What you return must be the full listing, word for word, with no images in it.

» **Supplied information**
# # # #

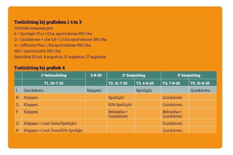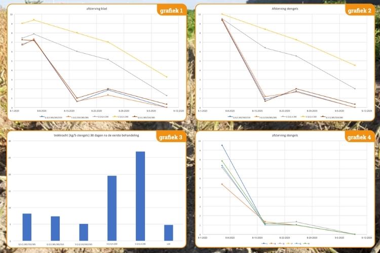 De resultaten van de proeven met loofdoding zijn gebundeld in een flyer waarvan de afbeeldingen op deze pagina zijn meegenomen. In de grafieken één en twee is weergegeven hoe snel het blad en de stengels afstierven bij verschillende volgorde van Spotlight en Quickdown en bij een verlaagd spuitvolume. Door middel van trekkracht werd bepaald hoe vast de stengels nog aan de knollen zaten vlak voor het rooien (grafiek 3). Met een nog niet toegelaten middel was de doding van het blad bijna even goed als met het niet meer toegelaten Reglone.
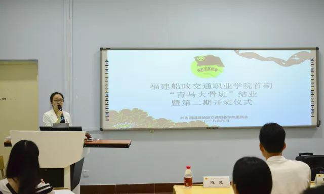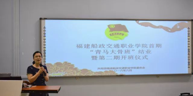 陳艷紅副院長在開班儀式致辭,她說:”青馬大骨班“的學員,不僅是團學干部,更是學院優(yōu)秀學子的典型代表。"青馬工程"的首要任務,就是培養(yǎng)具有堅定馬克思主義理想信念的青年學生,充分發(fā)揮團員青年在學院建設發(fā)展中的生力軍和突擊隊作用。她希望第二期青馬大骨班的同學向首期優(yōu)秀學員學習,在繼承中創(chuàng)新,并對第二期青馬大骨班學員提出了三點要求:
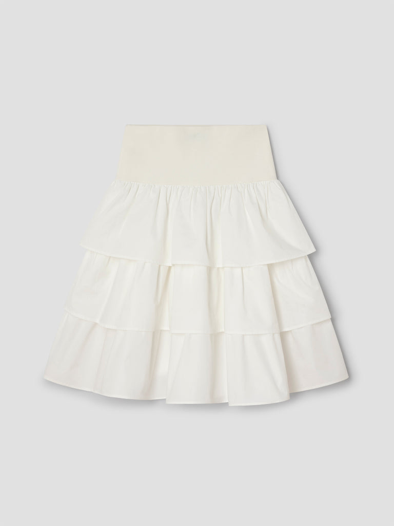 White low-rise midi skirt with wide waistband.

# # # #

» **The answer**
 De resultaten van de proeven met loofdoding zijn gebundeld in een flyer waarvan de afbeeldingen op deze pagina zijn meegenomen. In de grafieken één en twee is weergegeven hoe snel het blad en de stengels afstierven bij verschillende volgorde van Spotlight en Quickdown en bij een verlaagd spuitvolume. Door middel van trekkracht werd bepaald hoe vast de stengels nog aan de knollen zaten vlak voor het rooien (grafiek 3). Met een nog niet toegelaten middel was de doding van het blad bijna even goed als met het niet meer toegelaten Reglone.
 陳艷紅副院長在開班儀式致辭,她說:”青馬大骨班“的學員,不僅是團學干部,更是學院優(yōu)秀學子的典型代表。"青馬工程"的首要任務,就是培養(yǎng)具有堅定馬克思主義理想信念的青年學生,充分發(fā)揮團員青年在學院建設發(fā)展中的生力軍和突擊隊作用。她希望第二期青馬大骨班的同學向首期優(yōu)秀學員學習,在繼承中創(chuàng)新,并對第二期青馬大骨班學員提出了三點要求:
 White low-rise midi skirt with wide waistband.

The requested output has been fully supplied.